A simple CTC-based speech recognizer can be sketched as follows.

```python
import torch
import torch.nn as nn

class CTCASR(nn.Module):
    def __init__(self, feature_dim, hidden_dim, vocab_size):
        super().__init__()

        self.encoder = nn.LSTM(
            input_size=feature_dim,
            hidden_size=hidden_dim,
            num_layers=3,
            batch_first=True,
            bidirectional=True,
        )

        self.output = nn.Linear(hidden_dim * 2, vocab_size)

    def forward(self, features):
        # features: [B, T, F]
        states, _ = self.encoder(features)
        logits = self.output(states)        # [B, T, V]
        return logits.transpose(0, 1)       # [T, B, V]
```

Training combines feature extraction, the acoustic encoder, and CTC loss:

```python
features = feature_extractor(waveforms)      # [B, T, F]
logits = model(features)                     # [T, B, V]
log_probs = logits.log_softmax(dim=-1)

loss = ctc_loss(
    log_probs,
    targets,
    input_lengths,
    target_lengths,
)
```

This model is deliberately small.

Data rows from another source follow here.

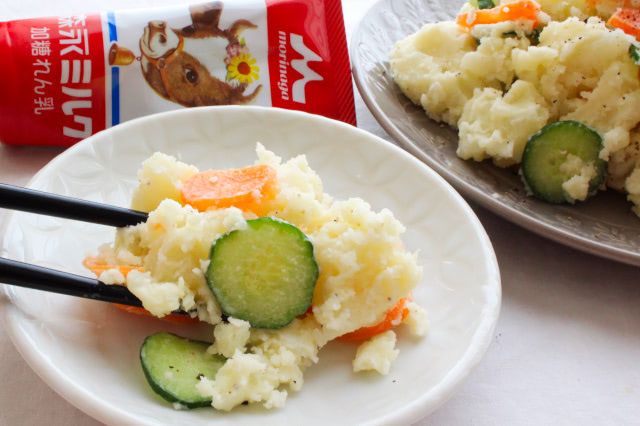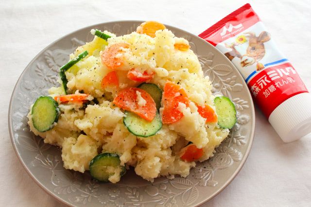 筆者はポテトサラダに、甘い調味料を加えて作ったことがなかったので、練乳を加えるの?と最初はビックリ。実際に食べてみると、さつまいものような自然な甘さで、ポテトサラダの新たなアレンジ術を知れました♪
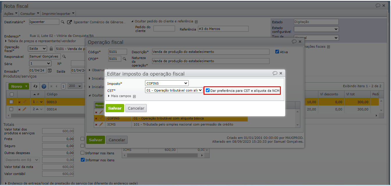 A alteração automática do CST e alíquota de determinado imposto no momento da emissão da nota fiscal somente ocorre se o parâmetro “Dar preferência para CST e alíquota da NCM” estiver marcado na configuração desse imposto na operação fiscal e houver CST e/ou alíquota fixada para esse imposto no cadastro da NCM.
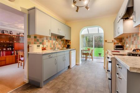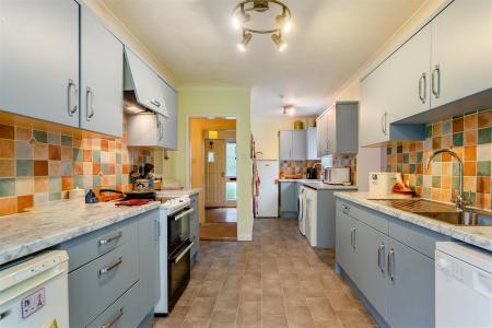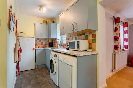 Utility Area - Sink unit with mixer tap, cupboard under, range of base and wall mounted units, plumbing for washing machine, space for tumble dryer, side aspect window.
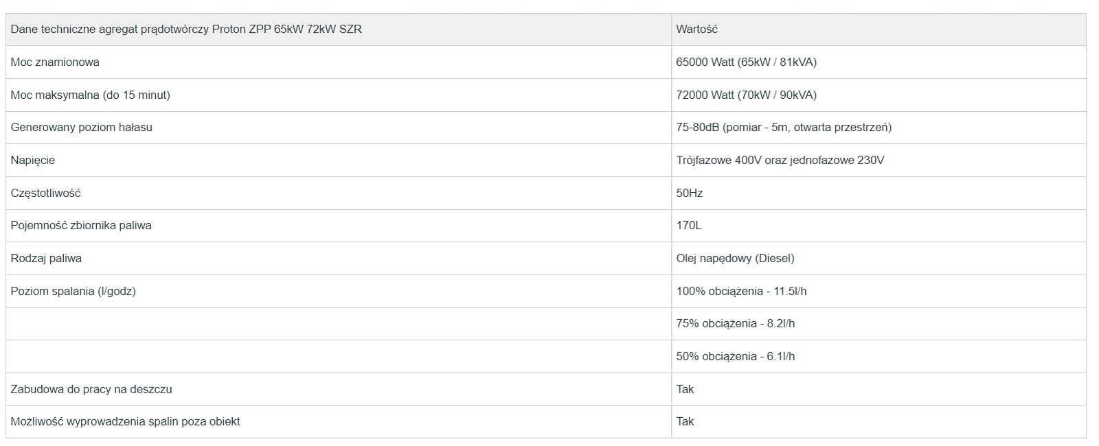 - Moc maksymalna (do 15 minut): 80000 Watt (100kVA)
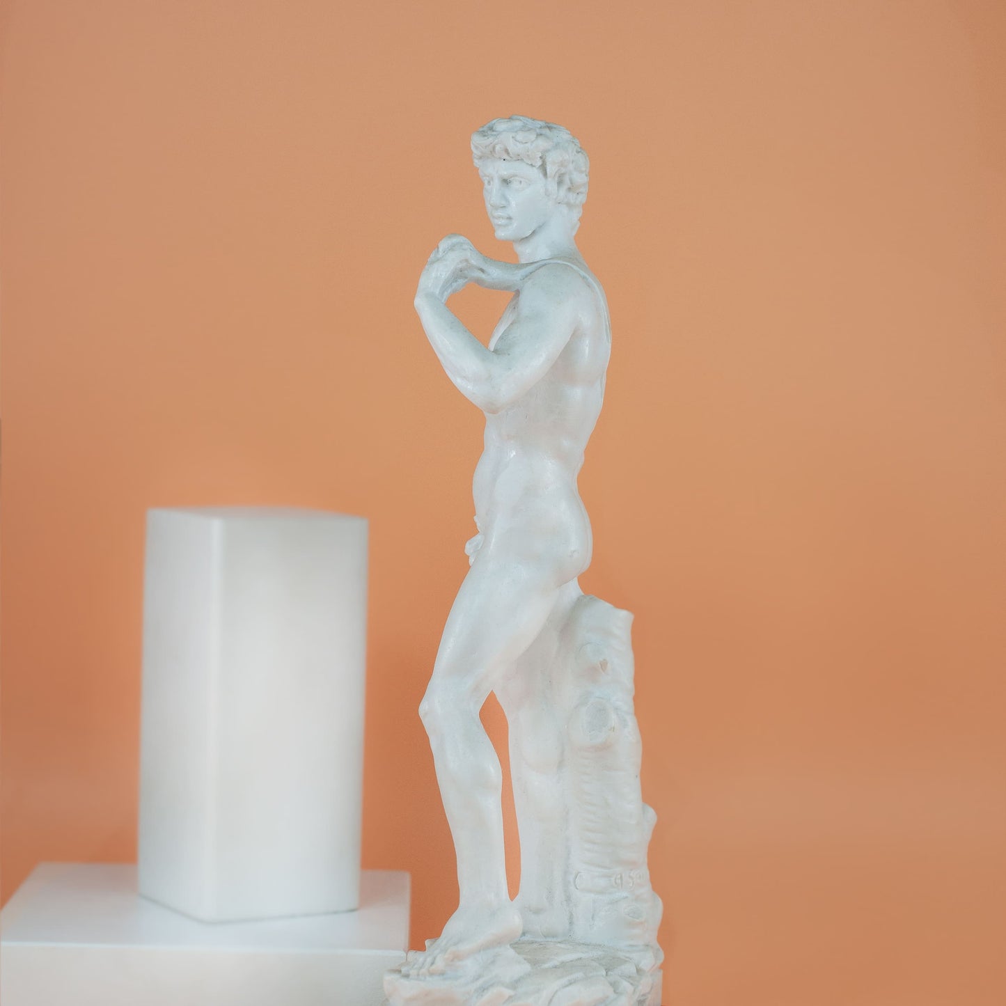Reproducción en polvo de mármol de la estatua del David de Miguel Ángel Buonarroti. Considerada una obra maestra de la escultura mundial, es uno de los emblemas del Renacimiento y un símbolo de Florencia e Italia en el extranjero. El original se conserva en la Galería de la Academia de Florencia.

Strong production systems use convolutional subsampling, transformer or conformer encoders, normalization, augmentation, large-scale pretraining, and tuned decoding.

### Data Augmentation for Speech

Speech models benefit from augmentation because real audio varies widely.

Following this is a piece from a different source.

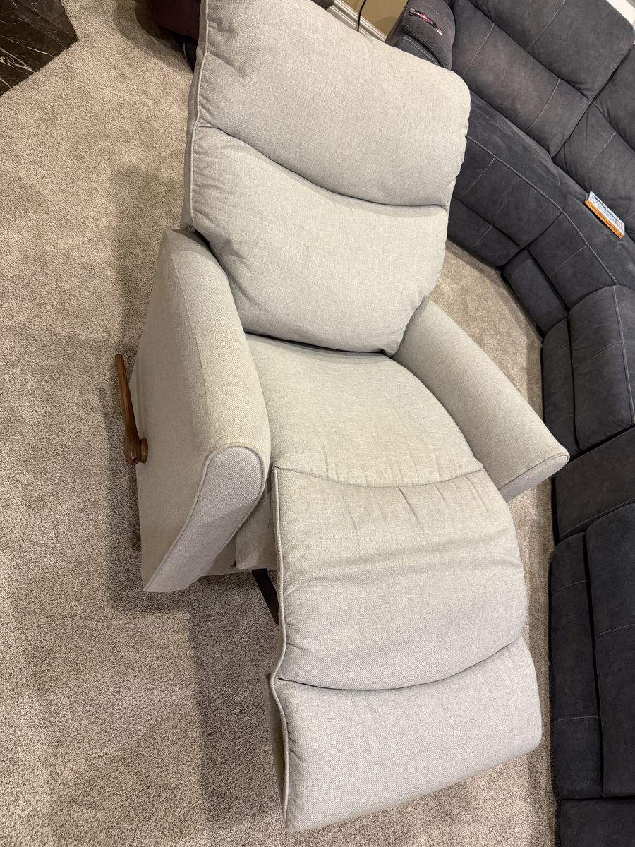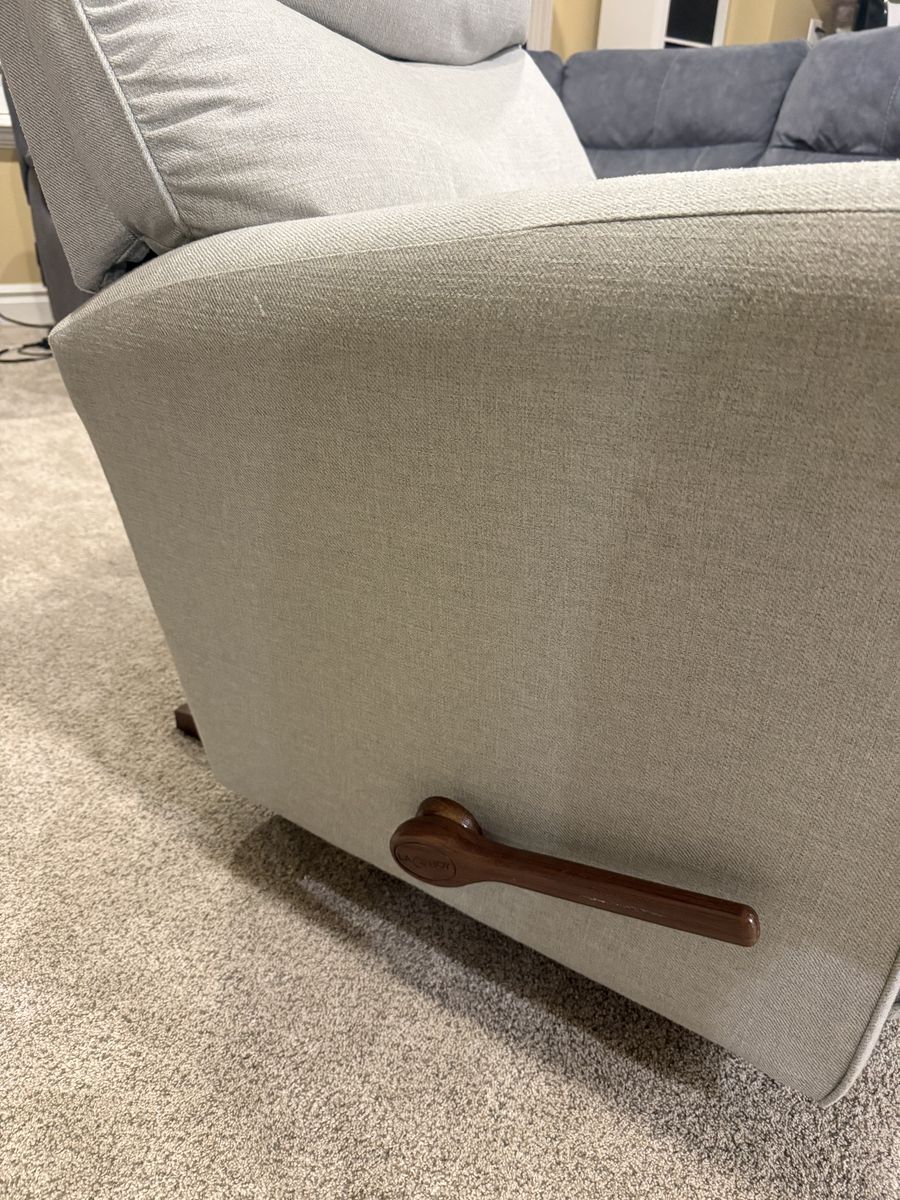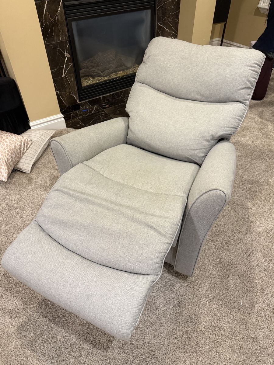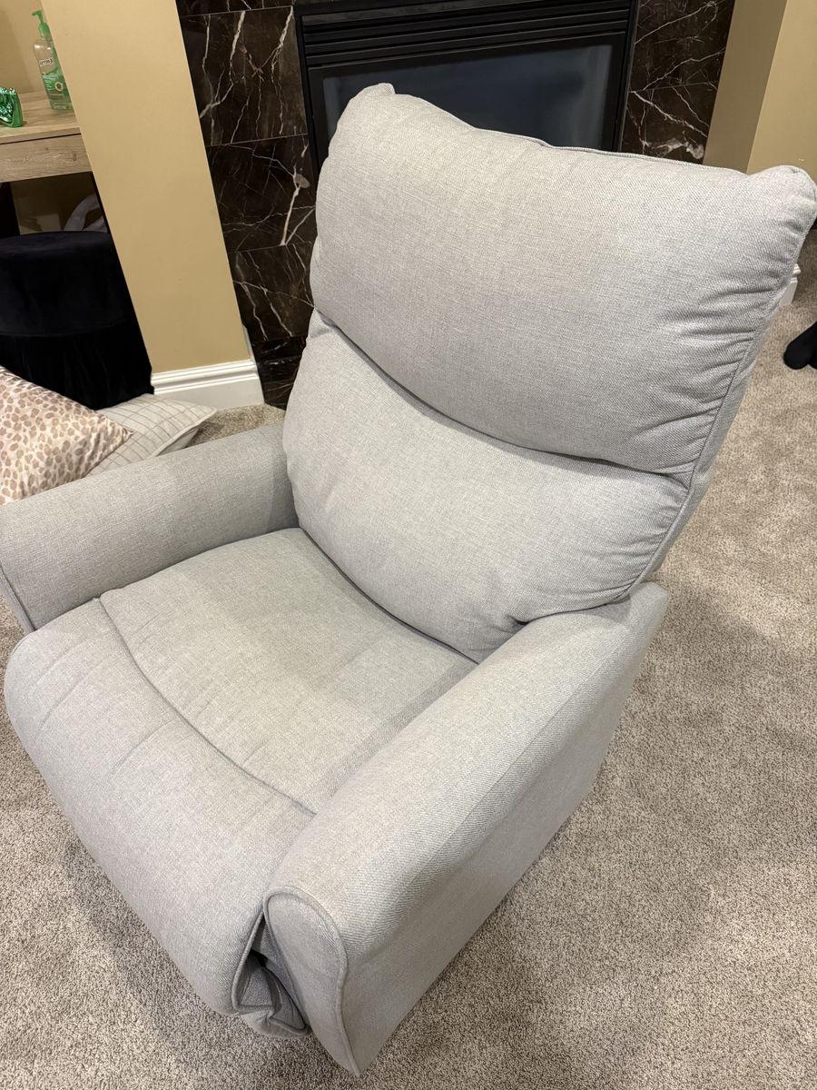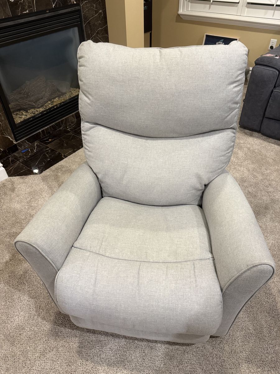 Gray rocker manual recliner. Had for about 5 years only used minimally in a baby nursery. Smaller recliner about 32” x 32” when upright.

Common augmentations include additive noise, speed perturbation, time masking, frequency masking, reverberation, random gain, and codec simulation.

SpecAugment is widely used for spectrogram features. It masks random time spans and frequency bands. The model must learn robust representations even when parts of the acoustic input are missing.

Augmentation improves robustness to recording conditions and reduces overfitting.

### Summary

Speech recognition is a sequence-to-sequence problem from audio to text. The input is usually a waveform or log-mel spectrogram. The output is a sequence of text tokens.

CTC models train without frame-level alignments by summing over possible audio-token alignments. Encoder-decoder models generate text autoregressively using attention over acoustic states. Hybrid CTC-attention models combine alignment strength with language-modeling capacity. Transducer models are especially useful for streaming recognition.

In PyTorch, speech recognition systems require careful tensor shape handling, audio feature extraction, padding masks, sequence lengths, CTC or cross-entropy losses, and decoding procedures.